De tentoonstellingen van de Britse kunstenares Tacita Dean en de Rotterdamse kunstenaar Gerco de Ruijter tonen twee unieke experimenten met de cameria en het medium film. Voor beide kunstenaars is dit de eerste grote solo tentoonstelling. De tentoonstellingen sluiten aan bij het 26e Film Festival Rotterdam, waar ook een selectie van Dean’s films te zien was.
Gerco de Ruijter
De Rotterdamse kunstenaar Gerco de Ruijter (Vianen, 1961) experimenteert op bijzondere wijze met het oog van de camera. Hij legt beelden van het landschap vast door zijn camera aan een vlieger te hangen. De intensiteit van de beelden vanuit vogelvluchtperspectief lijken in tegenspraak met de eenvoud van de wijze waarop ze tot stand gekomen zijn.
De afwezigheid van de horizon waarop wij normaal onze blik oriënteren, leidt tot een wonderlijke en raadselachtige abstractie van het Hollandse landschap. Dit maakt De Ruijter’s fotowerken eerder verwant aan schilderkunst dan aan documentaire fotografie.
De Ruijter’s inventieve en experimentele werkwijze, die het mogelijk maakt de fysieke gebondenheid van de menselijke blik te overstijgen, doet denken aan de vroege geschiedenis van de fotografie. Omstreeks 1858 slaagde Nadar er in om met behulp van een luchtballon de eerste luchtopnames te maken. De ontwikkeling van de luchtfotografie werd al snel bepaald door het streven de toepassingsmogelijkheden te vergroten, bijvoorbeeld op het gebied van topografische meting en oorlogsvoering. Het werk van De Ruijter herinnert ons echter aan het fundamentele verlangen om te zien en de wil een onmogelijke ervaring te kunnen verwezenlijken.
In andere werken experimenteert De Ruijter met 8mm film. Met behulp van een statische camera, filmt hij vanaf de grond overvliegende vliegtuigen. De opnamen van witte uitwaaierende rookpluimen van de vliegtuigen tegen de blauwe hemel geeft de film een sterk schetsmatig en abstract karakter. Uit de films die hij vanuit zijn vlieger maakt, blijkt de zeer beperkte controle over de beelden die de camera vastlegt. De fotowerken zijn momentopnamen van datgene wat in deze films getoond wordt: de bewegende beelden vanuit de vlucht van de vlieger.

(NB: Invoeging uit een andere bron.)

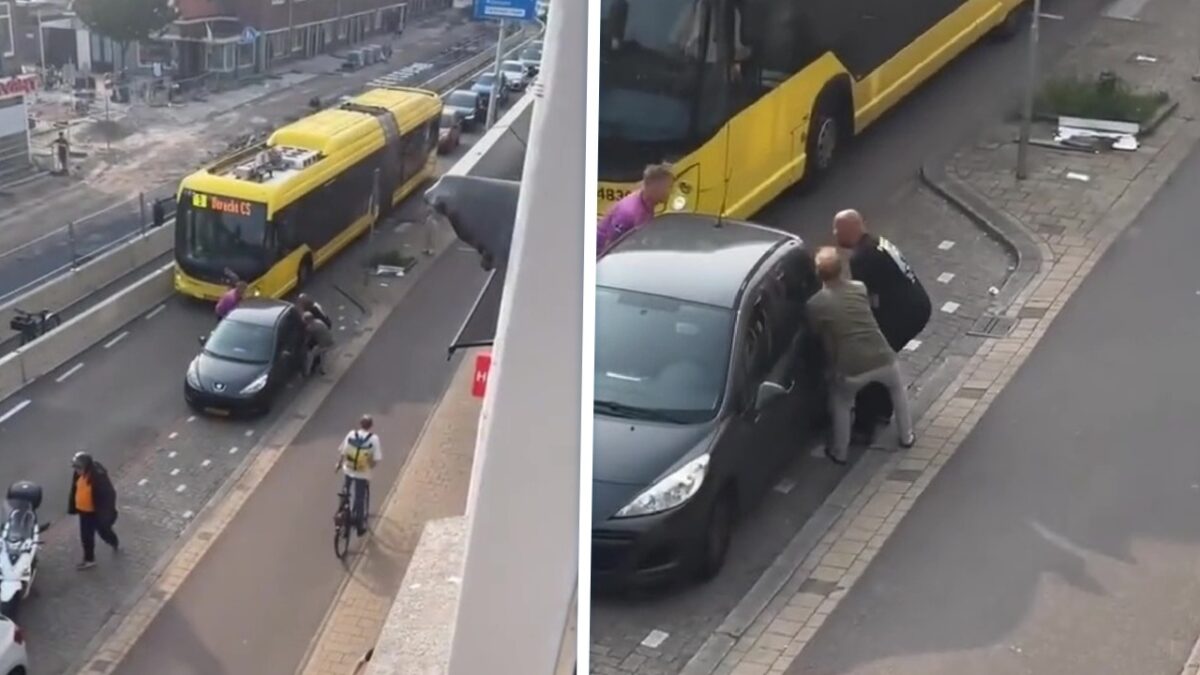 Het liep zelfs zo uit de hand dat omstanders probeerden de auto weg te tillen, maar voordat ze dat lukte kwam de bestuurder alweer aangelopen. Toch wel een ietwat ingewikkelde kwestie, want alhoewel het natuurlijk niet lekker is om in de file te staan hebben we hier al wel eens slechtere parkeeracties gezien. Sterker nog, alhoewel het altijd strakker kan staat hij keurig op de aangegeven witte lijnen en als je je velgen heel wil houden moet je natuurlijk ook niet té dicht langs de stoeprand willen staan...

Zie voor twee van deze kite filmpjes (Quicktime): mov1 en mov1.
De toeschouwer raakt betrokken bij De Ruijter’s verwondering over de schoonheid van datgene dat voor het menselijk oog haast onzichtbaar – zelfs onbereikbaar – is, maar zichtbaar gemaakt kan worden met behulp van het mechanische oog van de camera.
Tacita Dean
Het werk van Tacita Dean (Canterbury, 1965) draait om het verhalende karakter van film en de taal en processen zoals die gebruikt worden bij het maken van films.
In films, foto’s, tekeningen en objecten construeert zij verhalen, die vaak ontstaan uit toevallige ontdekkingen. Een afbeelding of zin in een boek, een naam of gebeurtenis kan aanleiding zijn tot verder onderzoek rond het gevonden onderwerp. De verhalen – die vaak handelen over mysterieuze voorvallen – bewegen zich tussen feit en fictie. Hierdoor wordt de toeschouwer in de gelegenheid gesteld om zelf zijn of haar interpretatie te vormen uit het complexe web van associaties die de werken ontlokken.
Dean ontrafelt op verschillende manieren het medium film. De tentoonstelling manifesteert zich daarom als een gelaagde structuur van geprojecteerde en ‘echte’ beelden, geluid en verhalen. De tentoonstelling presenteert film als tekening en taal van de sequentiële beweging (storyboards getekend op schoolborden); film als geluid (‘dubbing sheets’ en het werk Foley Artist); geprojecteerde beelden en verhalen (in de films); onderzoek en werkproces (ingelijste materialen en documenten).
In 1994 presenteerde Witte de With in de groepstentoonstelling WATT reeds de eerste fase van Dean’s project Girl Stowaway.